One Nation, One Election: How EC synchronised 1957 polls
The first general elections were held between October 1951 and May 1952, featuring a three-tiered process for the election of the President and Vice-President, members of the Lower Houses at the Centre and in the States, and the members of the Upper Houses. For the second general elections, the Election Commission (EC), after holding consultations, recommended the dissolution of the Assemblies of a handful of states so that the second general elections to the Lok Sabha and the state Assemblies could be held together.
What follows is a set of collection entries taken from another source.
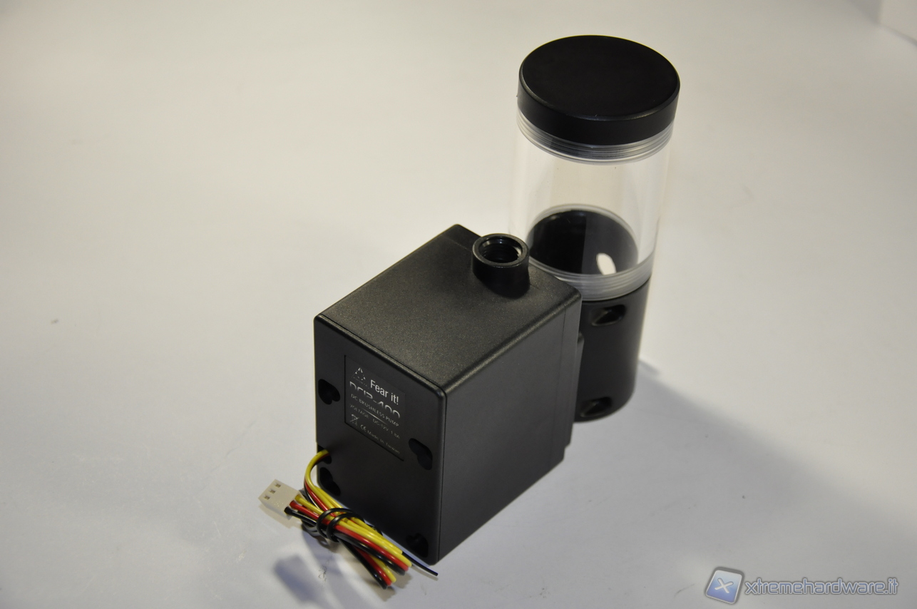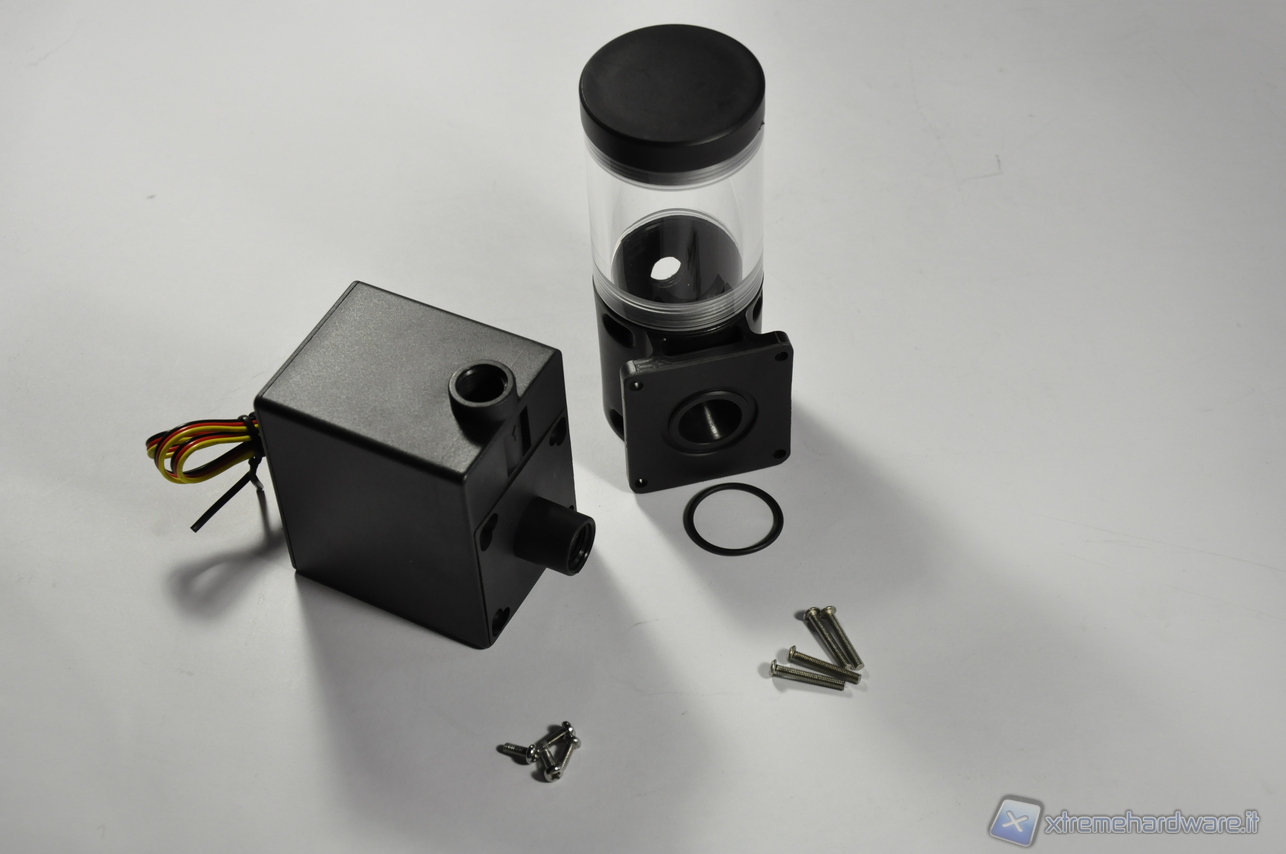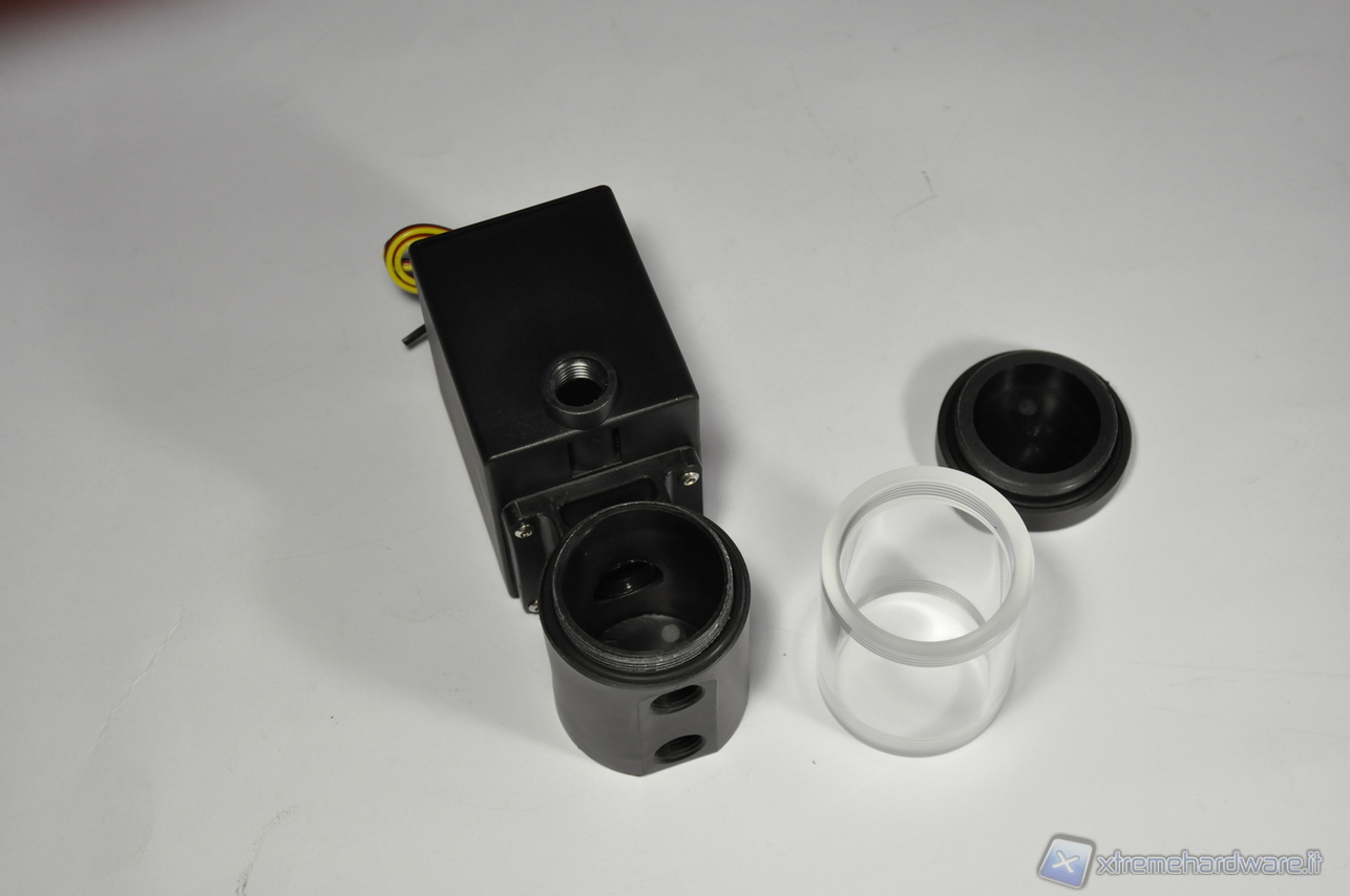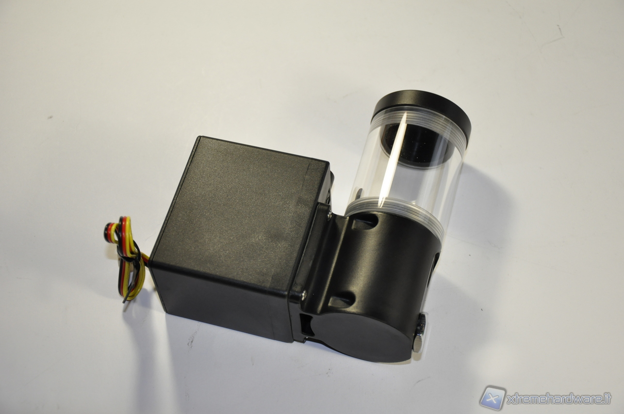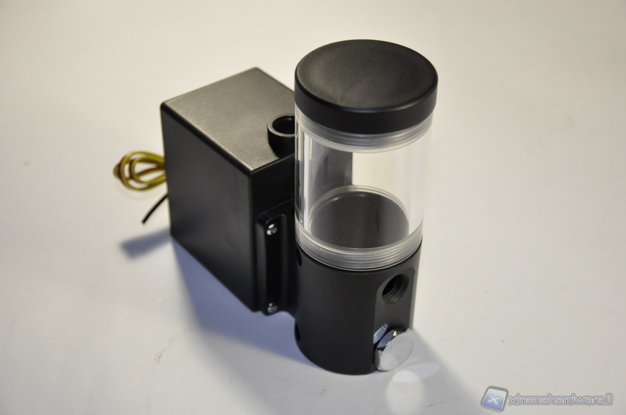 Si noti altresì che il Reservoir della EK ha due fori per il ritorno del liquido, a tutto vantaggio del flusso di ritorno. Si può pensare ad utilizzare la Phobya DC12-400 & EK-Reservoir in un circuito sdoppiato CPU/VGA, ma in tal caso è necessario l’acquisto di un raccordo a Y per sdoppiare anche il flusso di mandata del liquido in uscita dalla pompa, dato che quest’ultima è munita di un solo foro di uscita.
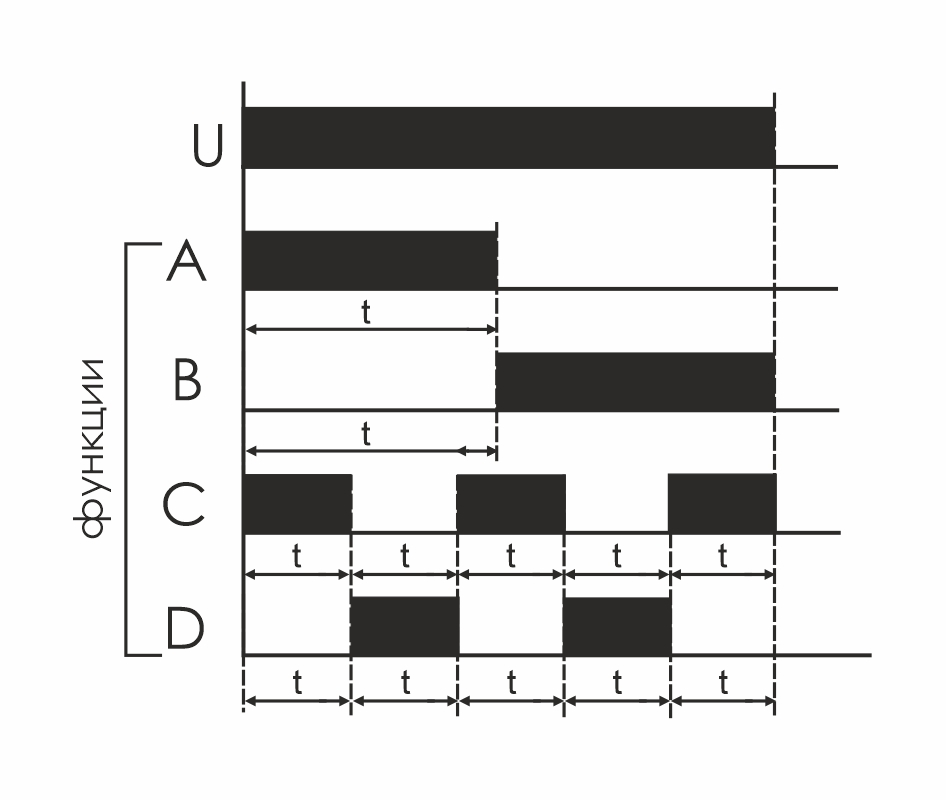 Функции: включение нагрузки на время t (A); задержка включения (В); циклическая работа с задержкой выключения (С); циклическая работа с задержкой включения (D).
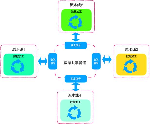 人工流水线:指的是需要人工将算法过程进行相应的分割,并人肉将任务用独立进程来运行,数据通道需要高度定制化。
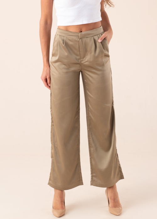 Läikivast siidist Only püksid Mayra on naiselikud ja stiilsed, sobides nii kontorisse kui ka õhtuseks ürituseks. Pükstel on sirged sääred, keskmise kõrgusega vöökoht ja külgedel avatud taskud. Värvel kinnitub haagi ja lukuga. Modelli pikkus on 178 cm ja kannab suurust 36/32.
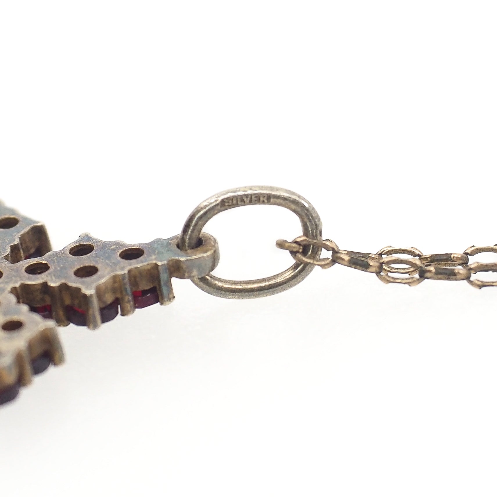 The pendant is in excellent vintage condition, with minimal signs of wear. The garnets are in excellent condition; none are cracked or chipped, but some have tiny nicks on the facet junctions under magnification. The jump ring is stamped SILVER.
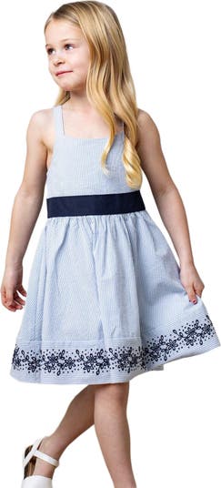 Our elegant special occasion dress in soft organic cotton has all the incredible details that make it perfect for making memories. Features a beautiful embroidered hem on a full skirt, cross back straps, and a button closure with bow at the back. Fully lined in organic cotton. A showstopper that she will love to wear.
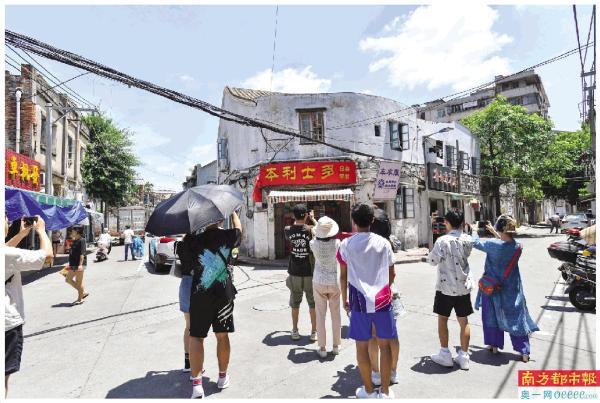赤坎老街刚刚走红时,当地的街道办和文旅局也迅速做出了反应:不仅在拍摄点挂上了标识牌,还组织了由党员、老街坊和市民组成的党群志愿服务队,在老街设立志愿者服务岗,为游客提供导游、咨询等志愿服务。赤坎区文旅体局也做了相应的配套提升——位于老街三叉路口的本利士多、永宁路公房朱朝阳的家等拍摄点,都挂上了文图指示牌,方便游客辨识和寻找。在人气很旺的水井头油条拍摄点,中山街道党员志愿者服务岗设于此,游客在这里可以看到《赤坎老街手绘地图》《赤坎美食手绘地图》,头戴小红帽、身穿红马甲的志愿者微笑着给一批批前来的游客提供帮助。
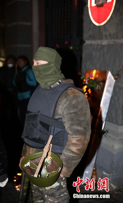2月23日晚,一名戴面具的护卫队队员站在独立广场附近,其后面的盾牌插满了鲜花。乌克兰基辅独立广场上,民众自发组织起来,成立护卫队保证广场及附近地区的安全。中新社发 王修君 摄
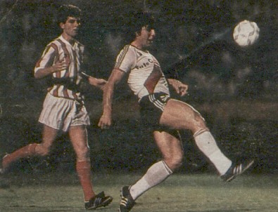 De gira por Estados Unidos, el River de Timoteo Griguol jugó dos partidos amistosos ante el Olimpiakos de Grecia, en agosto de 1987. El primero, disputado en Fort Lauderdale, terminó con victoria del Millonario por 3 a 1. El segundo, en el Memorial Stadium Mount Vermont de Nueva York, culminó con otra victoria argentina por 2 a 0, con goles de Ruggeri y Juan Gilberto Funes, que en la imagen define ante la marca de un defensor griego.
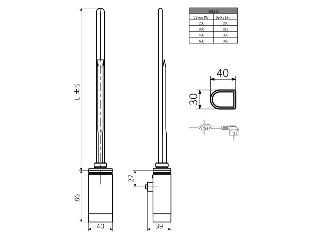 Sapho ONE D topná tyč s termostatem, 400 W, levá, chrom ONE-DL-C-400
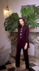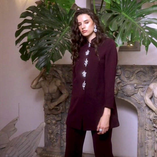 Plum crepe longline blazer with a structured tailored finish. Band collar with show crystal-embellished detailing and a concealed hook/eye closure down the front. Full sleeves with welt pockets at the front. Garment is fully lined. Paired with matching relaxed fit pant with a semi-elasticated waistband. Concealed side zip with hook/eye closure.
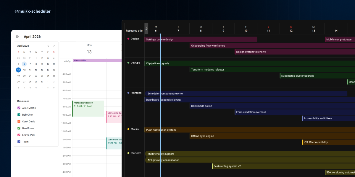 Install the package and render the Scheduler in minutes: start in the MUI X Scheduler docs and follow the quickstart guide for your first working calendar. Then layer your event model and resources on top, and switch to Event Timeline when your use case needs dense resource planning.

On those first elections and how synchronicity was achieved for second general elections, the high-level committee on “One National, One Election”, which submitted its report to President Droupadi Murmu, quotes from the Report on the Second General Elections in India, 1957: “If the House of the People and the different State Legislative Assemblies were all allowed to complete their respective terms in full, the General elections to reconstitute them would have had to be held at different points of time. In such a case, it would not have been possible to hold simultaneous country-wide general elections, both for the House of the People and the State Legislative Assemblies…. It was therefore, decided that the second general elections should be completed before the end of March, 1957, and that the existing Houses of Legislature should be dissolved prematurely, whenever necessary, in order that the newly elected Houses might meet soon after the general elections were over.”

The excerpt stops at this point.